Chlorambucil is a well-tolerated cytotoxic agent in cats and can be dosed at 2-6 mg/m2 PO q24 h until remission, and is then tapered.  Patients should be monitored for GI side effects and myelosuppression.

Cyclosporine is an immunosuppressant that inhibits T cell function by interfering with IL-2 production by T lymphocytes.  It may be useful in cats with refractory IBD at a dose of 5 mg/kg q12-24h, however, controlled studies evaluating its effectiveness in this patient population are needed.

Adjunctive therapies

For patients with cobalamin deficiency, cobalamin can be administered at 250 ug/cat SC q7d for 6 weeks, then every other week for 6 weeks, followed by one more dose after 4 weeks.  Levels (4 weeks after the last dose) should be rechecked to guide necessity of long-term supplementation.  Response to treatment of IBD may be suboptimal if cobalamin deficiency is not corrected.

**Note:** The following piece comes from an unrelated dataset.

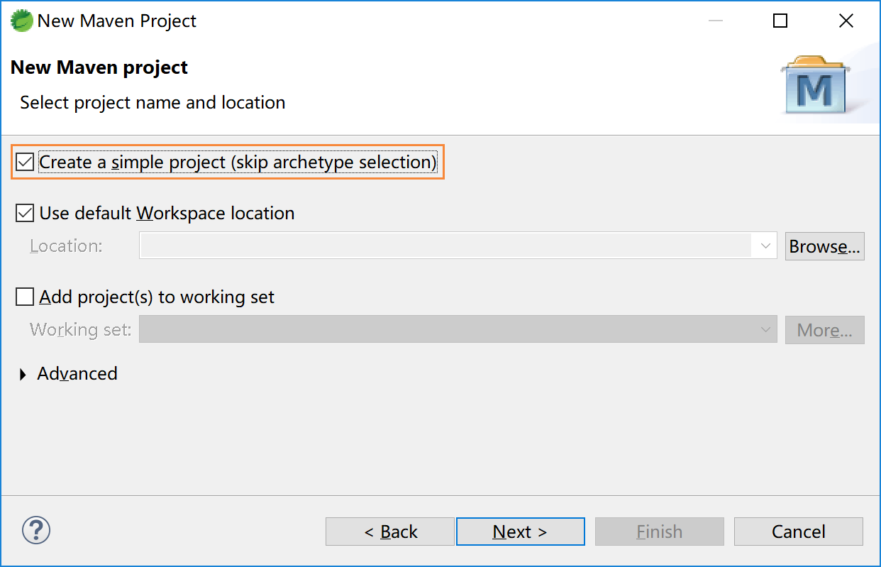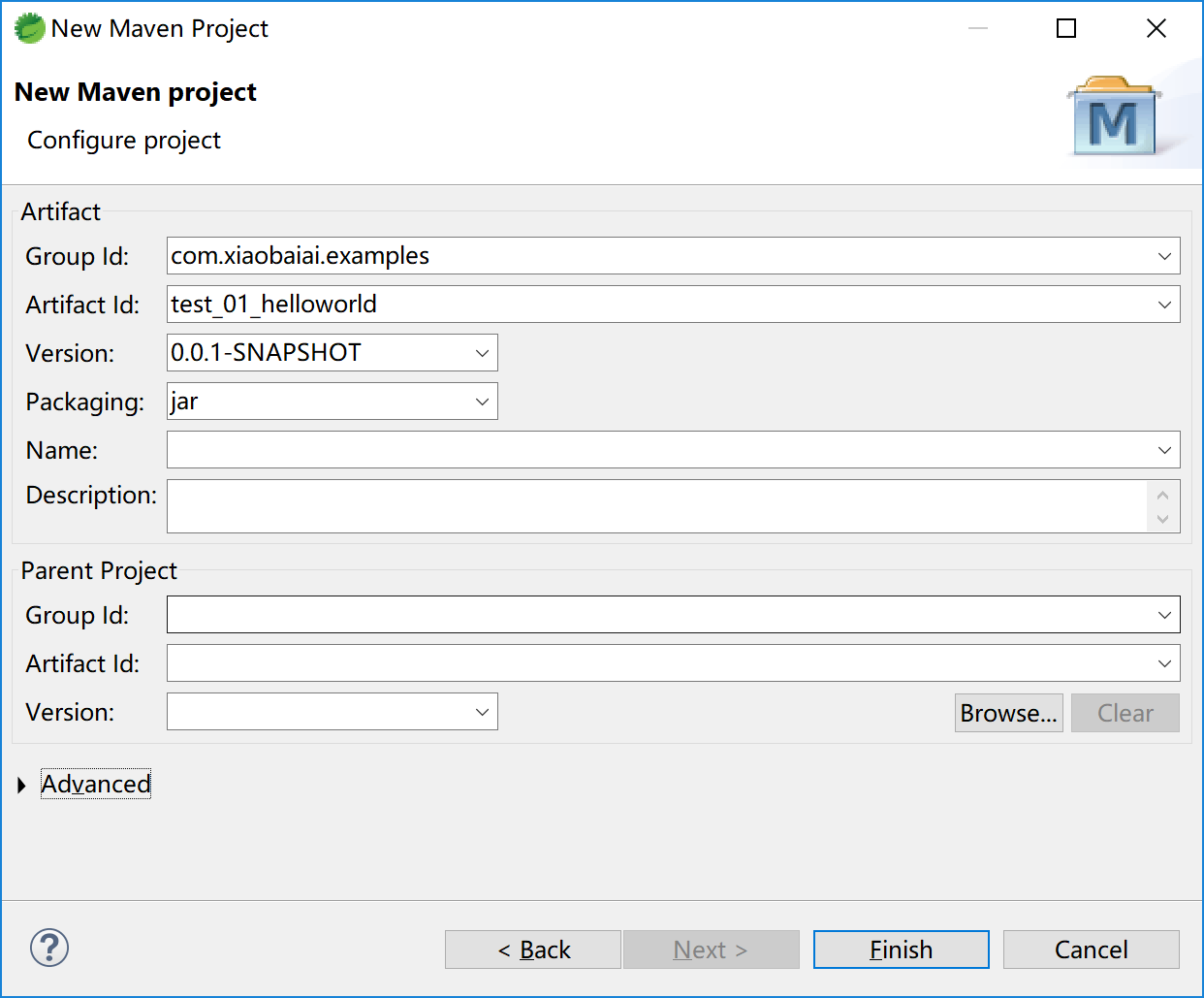 创建Marven项目中,我们选择Create a Simple Project,可以选择默认工作目录或者其他存放项目的目录,Next后需要我们填写一些项目信息,包括:

Probiotics are viable non-pathogenic bacteria or yeast that, when given orally, are resistant to gastric degradation.  They exert a positive influence by modulating gut flora, inhibiting colonization by pathogenic bacteria, and by inhibiting translocation of bacteria across the gut wall.  A number of studies in dogs and cats using specific organisms have demonstrated reduced fecal clostridial counts and/or reduction of diarrhea.  A reduction in these luminal bacterial could have theoretical benefit in the management of IBD patients.  However, the effect of probiotics is strain and dose dependent.

Omega-3 polyunsaturated fatty acid supplementation has shown improvement in maintenance of remission in human patients with Crohn's disease and their use has been proposed as an adjunctive therapy in feline IBD patients.  Benefits are thought to be derived from decreased production of pro-inflammatory leukotriene (e.g., LTB4) as well as reduction in cytokine-induced intestinal permeability defects.  Benefits in feline IBD remain unproven.  Unpleasant taste and development of diarrhea can be a problem.  

Prognosis

Prognosis for control of signs is good to guarded.  Control of signs is possible in most cats, however, periods of exacerbation are possible.  Some patients remain refractory to treatment.  Treatment failures can result from lack of owner compliance with treatment recommendations, presence of a concurrent disease, or an incorrect diagnosis.  Common concurrent conditions include cobalamin deficiency, occult parasitism, pancreatitis, cholanghiohepatitis, and hyperthyroidism.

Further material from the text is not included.